After graduating from The College of the South, Kristen worked in political advertising. Her primary job was to buy radio and television time for political campaigns. With her experience in marketing, Kristen joined Google and worked to expand the company’s online advertising service. She quickly became one of the largest media buyers on the Internet, and her staff expanded to 40 people. Although already very successful, Kristen felt uncomfortable running an office in which many of the staff were older and more educated than her. Despite “hiring a boss to train [her],” she did not feel that her talents lied with managing people. She decided that she wanted to return to doing “the fringe stuff that no one had ever done before.” For the next year, she split her time between Google headquarters in San Francisco and countries with emerging economies, chiefly India and Brazil. She formed partnership with large media companies to advertise in their online content. She was so successful in establishing Google’s presence in these countries that Google eventually opened permanent offices in both places.
Kristen then brought her talents to the New Business Development Team, where she and her team were tasked with finding innovative ideas that would take Google into new areas. After the devastating earthquake in Haiti in 2011, Eric Schmidt sent Kristen and a team to Haiti to improve communications in the massive relief effort. One of the team’s contributions was providing the most up-to-date maps of Haiti for free. With these maps, relief workers could tell what places needed help and how to get there, making their work more effective.

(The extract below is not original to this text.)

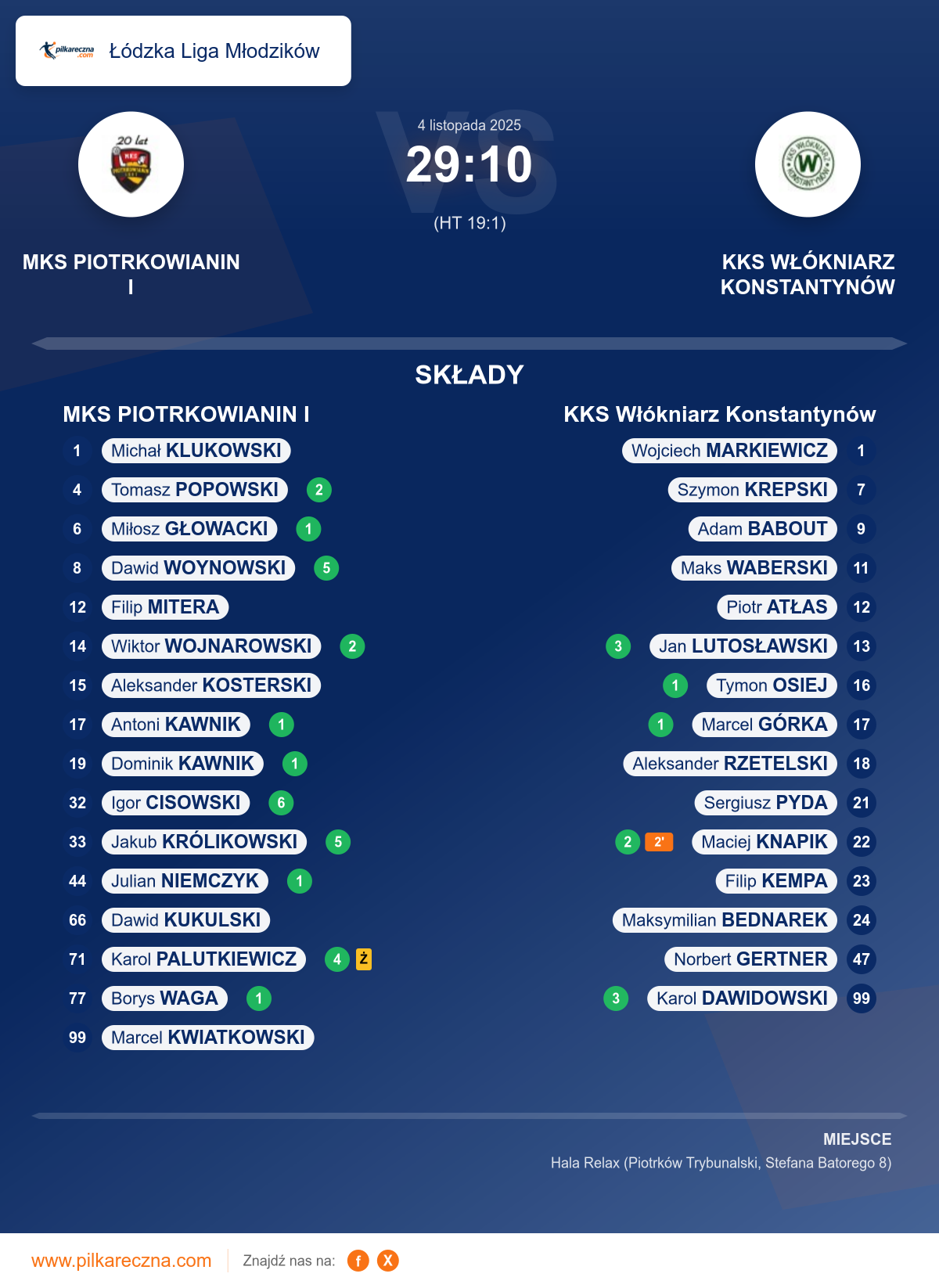 Bramkarze: Michał Klukowski, Marcel Kwiatkowski, Filip Mitera

Kristen’s most recent post is leader of the Business Development Team of Google Fiber, which is one of Google’s newest and most ambitious projects. Google Fiber provides Internet and TV services at speeds 100 times faster than conventional high-speed Internet. The service currently exists in three cities, but there are plans to expand into dozens more in the near future, and Kristen is leading this expansion.
One of Kristen’s mottos is: “Be the first one to do it because you can’t do it wrong.” Yet, as she admits, she seems unlikely to have been such a pioneer in a giant tech company like Google. She studied Political Science in college, not Computer Science. She learned mathematics from Dummies’ Guides, not world-class mathematicians like many of her colleagues. What were the qualities that enabled Kristen to thrive at Google?
- No fear of failure
- Honesty—Kristen has been able to experiment with new ideas, evaluate the success of the ideas, reform or scrap the ideas, and honestly communicate the results of her work to others.

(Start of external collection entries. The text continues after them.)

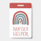 Distintivo de arco-íris do assistente do Papai Noel para eventos ou feiras de férias. Ho, ho, ho vermelho e branco do Papai Noel.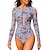 Damen Anti UV Shirt Badeanzug mit Blumenmuster Badeanzug Bedruckt Reißverschluss Boyleg Ultraleicht (UL) UV Schutz Elastisch Langarm Bademode Surfen Schnorcheln Frühling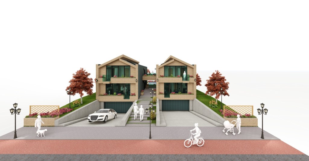 Konzept Idee Doppelhaushälfte mit Animation und Visualisierung

- Knows enough to be dangerous—She may not be as knowledgeable as her specialist colleagues in their respective fields, but she knows enough to be effective.

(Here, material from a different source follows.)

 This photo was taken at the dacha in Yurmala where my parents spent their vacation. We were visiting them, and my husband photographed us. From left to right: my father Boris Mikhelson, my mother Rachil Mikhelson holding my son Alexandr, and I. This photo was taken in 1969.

- Fast learner—Even if she does not know something, she can quickly pick it up.
- Can build a team—In a company filled with some of the sharpest minds on the planet, Kristen’s ability to inspire and enable others to do their best work has been an indispensible skill.
In addition to being a key member of Google, Kristen is a proud mother of three. Kristen has been a pioneer in a company known for pioneering, and it was truly a pleasure to learn from such a world-class entrepreneur.